The flaw in my presence-of-a-ring theory was that David Moore had never got hold of his lost ring. Francisca had speared him in the Silver Vaults while he was still searching for it.

One of the women cleaning the kitchen had obviously finished for the day and was taking off her apron. The other cleaner had moved on to the pots and was making equally heavy weather of scrubbing them. My mum would have been through that kitchen in less than half an hour, but people are just too cheap to bring in professionals.

The departing woman paused to give me and Guleed suspicious looks before exchanging farewells with Spencer-Talbot and heading out through the indoor garden. She was going to get a shock when she ran into the security perimeter, but that wasn’t my problem.

The interruption in the flow of the interview did give me a chance to check whether Spencer-Talbot still had her ring.

‘What ring is that?’ asked Spencer-Talbot.

‘The one Preston Carmichael gave you in 1989,’ I said. ‘In Manchester.’

‘Why on earth do you want to know about the ring?’ she asked.

‘We think there may be a link between the rings and Preston Carmichael’s and David Moore’s deaths,’ said Guleed.

For the first time doubt crossed Spencer-Talbot’s face.

‘Do you still have it?’ I asked again.

‘I don’t see what business it is of yours,’ she said.

But then she relented and, pulling on a leather thong that hung around her neck, she lifted the ring into view. I stood up and leant over the table as she held it towards me for a closer look. It had the same silver gleam and markings as the other rings.

‘May I?’ I asked.

But I didn’t wait for permission before reaching out and touching the ring. In the instance before Spencer-Talbot snatched it away, I got a flash of a distant voice raised in prayer, lemon-scented dust and blood cast like a crimson net.

What if there really had been a ring at the Silver Vaults? What if Lesley had been tracking David Moore in the hope that he’d find it for her? Would Lesley risk carrying the rings around with her? Why not? She didn’t know there was a risk, and they weren’t the sort of thing you’d want to leave lying around.

‘Why do you keep it?’ asked Guleed.

‘Keep what?’ asked Spencer-Talbot – her ring had already vanished back down her blouse.

‘That,’ said Guleed. ‘It’s an object of pagan belief – wouldn’t a crucifix be more appropriate?’

I looked over at the kitchen area and saw that the remaining cleaner was no longer visible.
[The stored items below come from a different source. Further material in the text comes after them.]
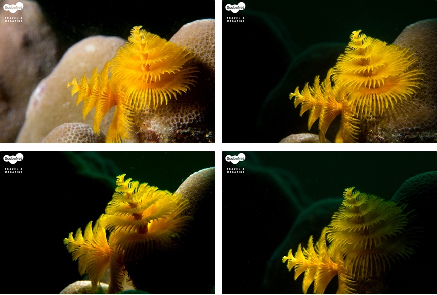 1-4 노란 Christmas Tree Worm을 촬영하면서 다양한 조광으로 촬영하였다.
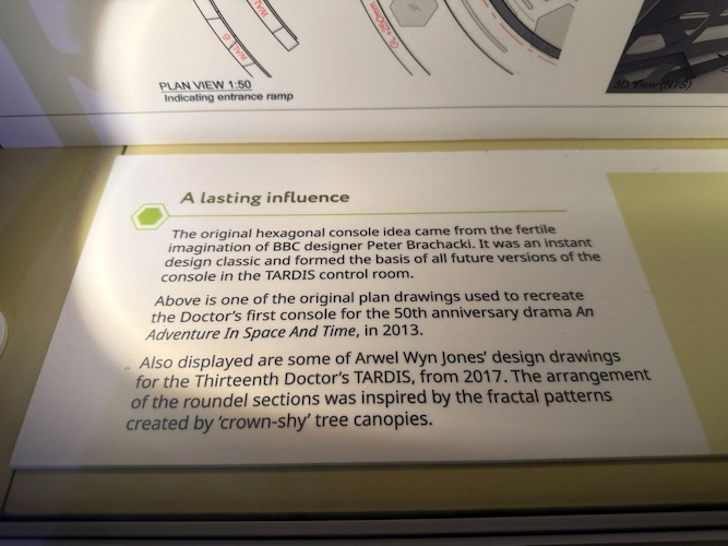 A faithful recreation of the original TARDIS console created for the 2013 docudrama An Adventure in Space and Time, which chronicled the creation of the show in the 1960s, is proudly displayed. The console was later used in the 2017 episode “Twice Upon a Time" and later for Jo Martin’s Fugitive Doctor.
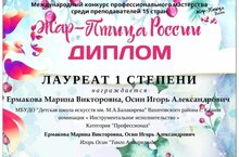 Диплом лауретата 1 степени в конкурсе среди преподавателей 15 стран 19.02.2024
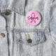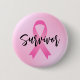 Bröstcancer "Överlevare"-knappen har anpassad modern svart skriptbokstav med symbolisk rosa band och rosa gradientbakgrund.
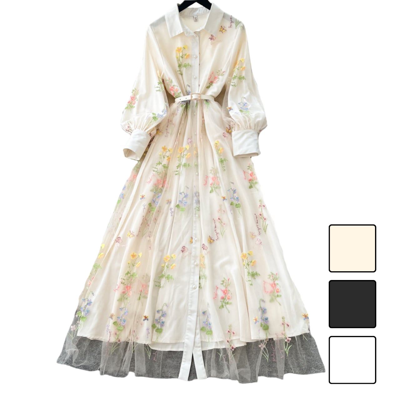 フラワー刺繍シアーベルトデザインワンピース 3color L2272

A nasty suspicion formed in my mind and I stood up.

‘That comment is somewhat inappropriate,’ said Spencer-Talbot. ‘How I choose to sanctify my God is my business, not the police’s.’
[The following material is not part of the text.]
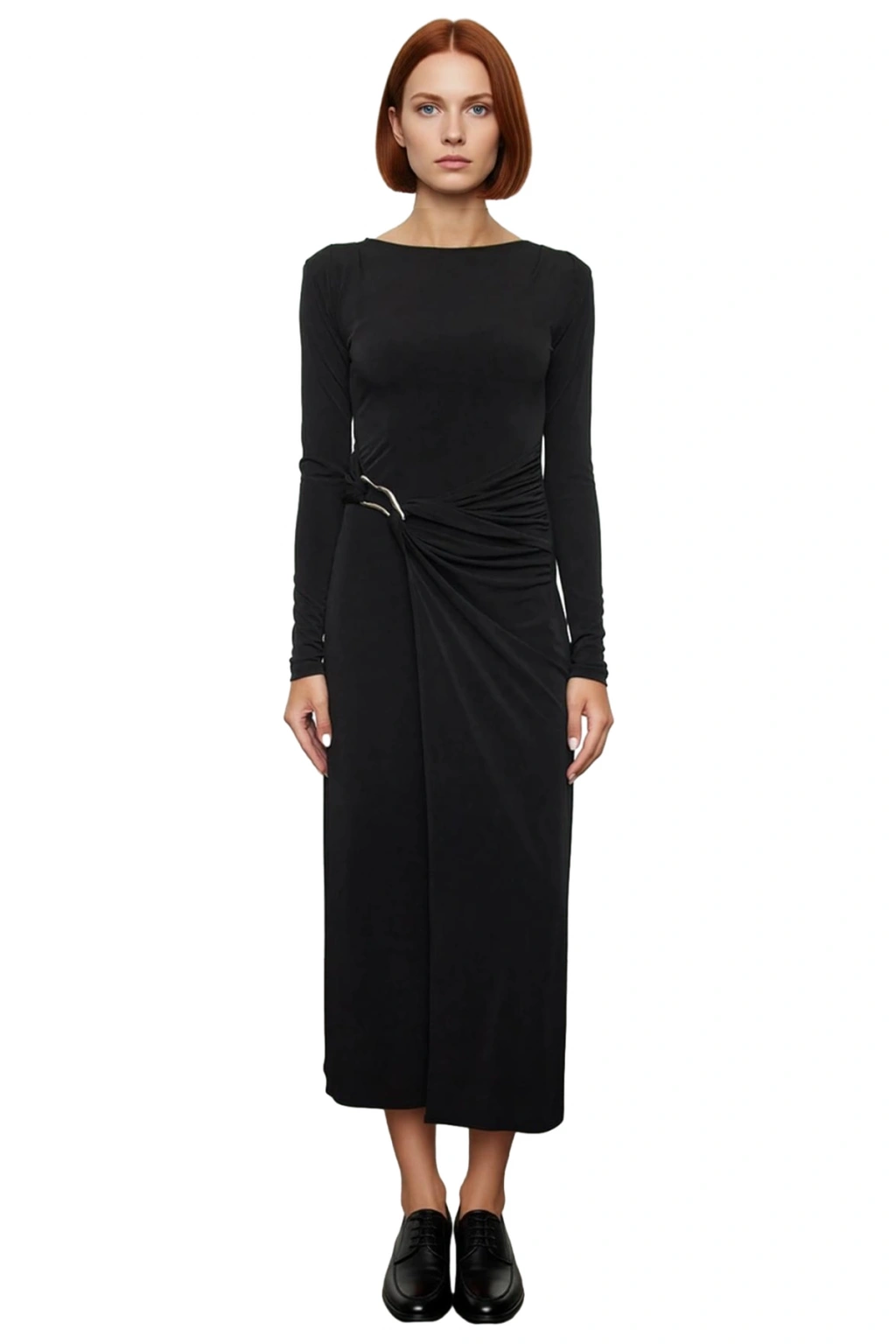 Kayık yaka tipi, omuzları zarifçe vurgulayarak sofistike bir görünüm yaratır. Düşük kol ve uzun kol boyu, hareket özgürlüğünü kısıtlamadan sıcaklık ve rahatlık sunar. Anvelop kapama şekli, elbiseye dinamik bir detay katarken, yürürken bacak dekoltesini nazikçe ortaya çıkarır. Astarsız olmasına rağmen Kalın Sandy örme kumaş yapısı sayesinde tok bir duruş sergiler ve kalitesini hissettirir. Bu elbise, Şık / Gece koleksiyonunun gözde parçalarından biri olup, uzun ömürlü kullanımıyla gardırobunuzdaki yerini alacaktır.

I reached the counter in three steps. I already had a spell ready, which was just as well as before I could look over the edge Lesley popped up. I had just enough time to note that she’d padded her clothes to make herself look plumper before she tried to smack me in the face with a frying pan.

I flinched back and felt a breeze as the frying pan fanned my face. I’d prepped an impello-palma, which I slammed down on Lesley’s foot. People always forget how vulnerable their feet are. Lesley gave a gratifying yelp.
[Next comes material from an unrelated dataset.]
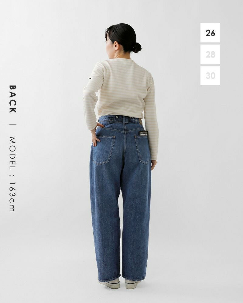 Levis 501の1900年代初頭のモデルを参考にした独自のワイドシルエット。腰回りはワイドで裾に向かって緩やかにテーパードしたシルエットなので、ワイドシルエットながらすっきりとした着こなしに。股上は深く設定されているので、窮屈感なく脚の動きを邪魔しません。
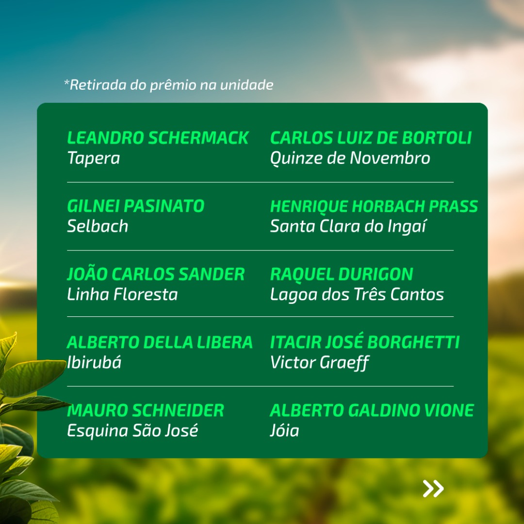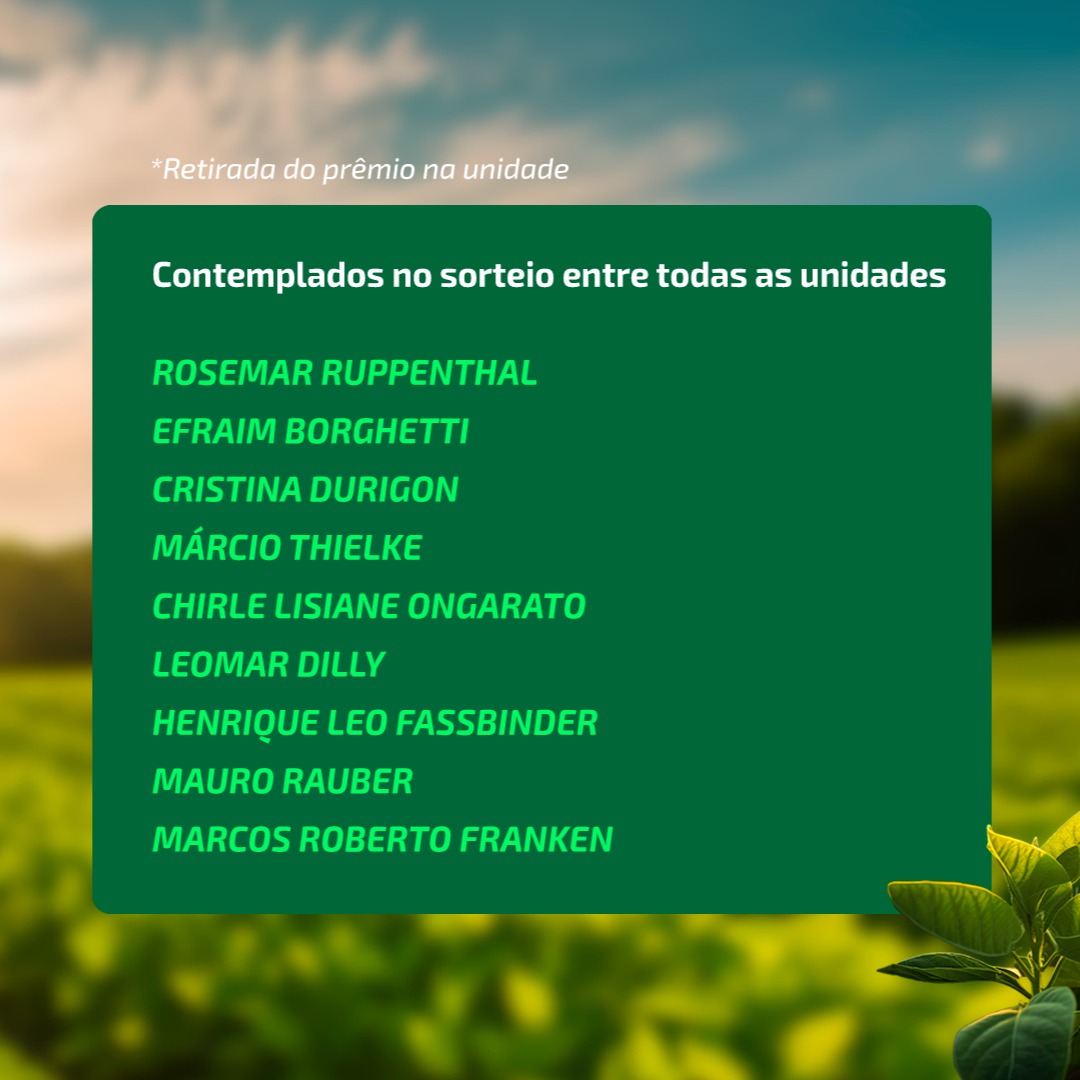 Conforme o gerente de insumos da Cotrisoja, Cristiano Muller, a promoção foi pensada como uma forma de valorizar os associados que fazem seus negócios com a cooperativa. “Além de oportunizarmos a compra de um produto de alto desempenho no combate de doenças – especialmente em um ano desafiador como este-, ainda disponibilizamos esse benefício de premiação. Esta promoção aconteceu dentro das diretrizes do nosso programa de relacionamento Seja Mais Cotrisoja, onde agradecemos a todos os produtores pela participação e parabenizamos aos ganhadores pelo lindo prêmio conquistado” diz.

She tried to flick a blinder in my face, but I felt the formae building and ducked away when it went off. Behind me I heard Spencer-Talbot screaming and Guleed calling it in on her Airwave. I tried to go over the counter, but Lesley had followed up the blinder with another swing with the frying pan, which hit me on the shoulder with a comical boing sound.

It was a dull blow and, because I maintain it’s always a good idea to disarm a suspect, I wrapped my left arm around her right, rabbit-punched her once in the face and grabbed her collar.

Lesley threw herself backwards and the loose sweatshirt slipped easily over her head. I might have managed a second grab, or at least to tangle her in the sleeves, but she hit me in the chest with her own impello-palma which knocked me flying backwards.

I hit a table, which broke and spilled me sideways amongst the chair legs while I thought that a bit of assistance from Guleed might be quite nice about now. I scrambled up and looked to see that Guleed had jumped up and was staring at something behind me.

I thought it was probably Lesley, but when I turned I found myself face to face with Francisca.